Cabaret Voltaire

Cabaret Voltaire est la première pièce de la compagnie les endimanchés et marque donc son origine en tant qu’équipe de création théâtrale et musicale. Elle est le fruit d’un travail de recherche et d’une pratique qui remonte aux endimanchés primitifs, lesquels ont ensuite décliné leur projet en différentes formations, c’est ainsi que six personnes ayant déjà une pratique musicale commune se retrouvent dans cabaret Voltaire (Ali Boudrahem alias Potzi,  Alexis Forestier, Bénédicte Grimault alias Belle du Berry, François Jeannin, Antoine Mathias alias Tonio, Moïra Montier-Dauriac ; Potzi et Tonio seront ensuite remplacés par Eric Loutis)

Par ailleurs la pièce est l’occasion de rencontres avec différents complices :

– la danseuse Véronique Defranoux chorégraphie les danses du spectacle et sera remplacée ensuite par Claire Haenni qui elle-même chorégraphie certaines séquences.
– le musicien et chef de choeur Philippe Allée avec qui est mené un travail de complicité et de recherche musicale ;
– le comédien Laurent Jacquet, ami de longue date ;
– Pierre Gerbaux, architecte de formation qui était également un des membres fondateurs des endimanchés  primitifs ;
– Jean-Luc Dorchies, historien de l’art et photographe, remplacé ensuite par Peter Platiel puis par Antoine Lengo.

Il est à noter que Cécile Saint-Paul – avec qui se construira dans une relation très étroite les vingt années suivantes de la compagnie – réalise l’affiche de Cabaret Voltaire.

La pièce est le fruit d’un travail de recherche sur la questions des avant-gardes et de leur relation avec les formes scéniques, recherche initiée par Alexis forestier à l’Ecole des hautes études en sciences sociales dans le cadre d’un enseignement en ethnomusicologie… un projet de mémoire mené sur la complainte populaire, puis l’expressionnisme allemand et enfin sur le « genre populaire » dans le théâtre de Brecht, conduiront finalement à l’écriture de Cabaret Voltaire, libre adaptation du journal d’Hugo Ball, La fuite hors du temps, non encore traduit à l’époque et dont Michaël Peterli et Alexis Forestier entament une traduction avant que le journal ne soit publié aux éditions du rocher, en 1994, dans une traduction de Sabine Wolf.

La première version (inachevée) de Cabaret Voltaire est jouée à la Maison de la culture de Nevers pour le festival de Nevers à l’aube, puis au théâtre Jean Vilar, de Suresnes au Centre Culturel Suisse à Paris,  au Kunsthaus à Zürich, au théâtre de Bienne et au Centre culturel de Mont Saint-Aignan.

 

PRESENTATION

Zurich – 1916 – Hugo Ball ouvre le Cabaret Voltaire dont le principe réside en un rassemblement quotidien, musical et poétique.
Durant six mois se réunissent des jeunes gens venus de différents pays d’Europe.
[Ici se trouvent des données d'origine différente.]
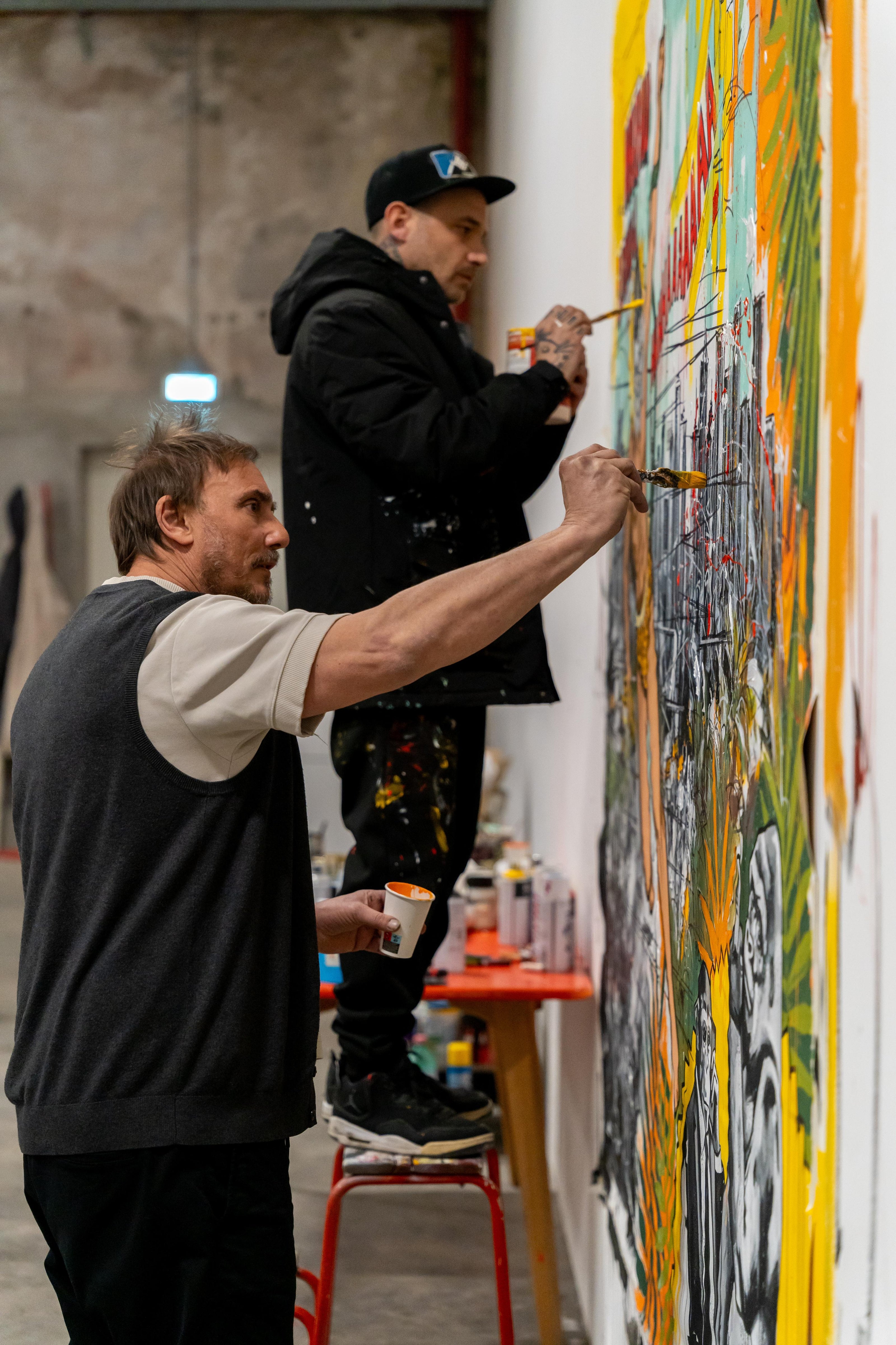 Marco Tamburro e Daniele Oldani, accomunati dalla necessità di esprimersi attraverso l’arte, pur con approcci stilistici molto diversi, sono riusciti a far convivere due stili pittorici antitetici con armonia e fluidità. Da un lato, le pennellate intense e rapide di Tamburro, che esplorano le inquietudini e il disincanto dell'essere umano che vive nelle metropoli; dall’altro, l’immaginario pop di Oldani, ricco di ironia sociale. La fusione tra Roma e Milano ha dato vita a opere d'arte che riflettono pienamente la visione dei due artisti.

Ayant en commun l’horreur de la guerre, ils mettent en cause l’homme et la société occidentale moderne et vont n’avoir que plus de raison d’en prendre le contre-pied. ‘
La Suisse, terre d’exil pour la plupart d’entre eux, constitue à la fois une protection et un enfermement d’où vont naître l’abstraction et la révolte; le Cabaret Voltaire devient le théâtre d’inventions quotidiennes et de turbulences manifestes. Dans ce contexte naît le Dadaïsme.
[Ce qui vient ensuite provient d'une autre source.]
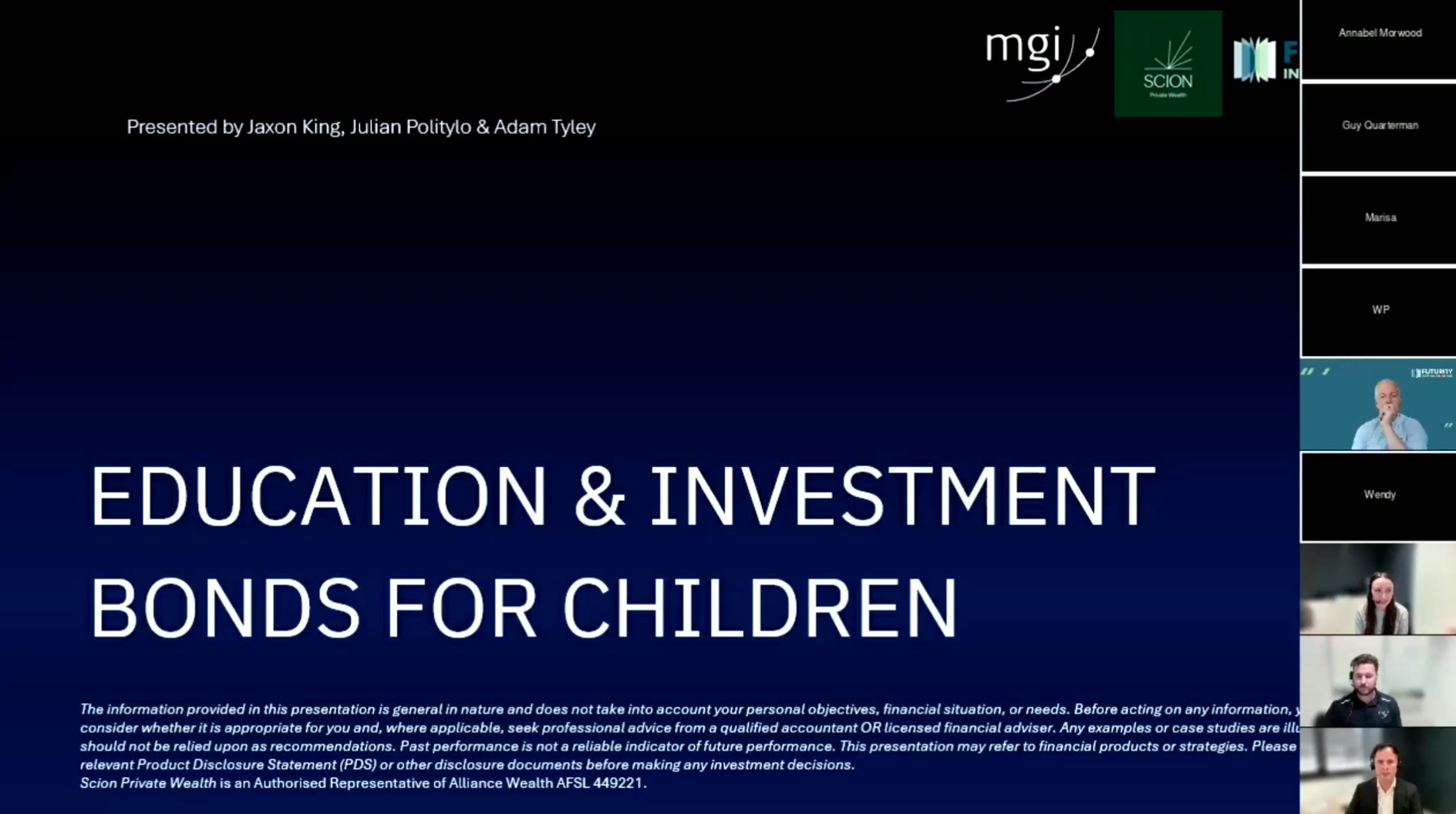 Topic: Education and investment bonds for children, featuring three experts discussing strategic approaches to funding education costs. The session covers education funding strategies using tax-effective structures, intergenerational wealth transfer methods, and non-estate asset planning.

La fuite hors du temps, journal d’Hugo Ball (1913/1921) constitue le support principal de la pièce.
En 1913 Hugo Ball décrit le monde et la société comme des systèmes « aliénés, inextricablement et totalement » et pose la question d’un autre monde possible. Peut-on sortir de la léthargie docile qui, de jour en jour devient plus alarmante autant qu’irréversible ? Ses explorations sont multiples, tournées vers le théâtre comme moyen d’édifier la nouvelle société, 1a politique, les théories anarchistes ; mirages successifs qui le conduiront à voir dans l’isolement un moyen de se soustraire aux dérèglements de son époque. Entre temps il y a le Cabaret Voltaire où au beau milieu de l’infantilisme et de l’absurde dans lesquels l’homme a sombré avec la guerre tout est encore possible.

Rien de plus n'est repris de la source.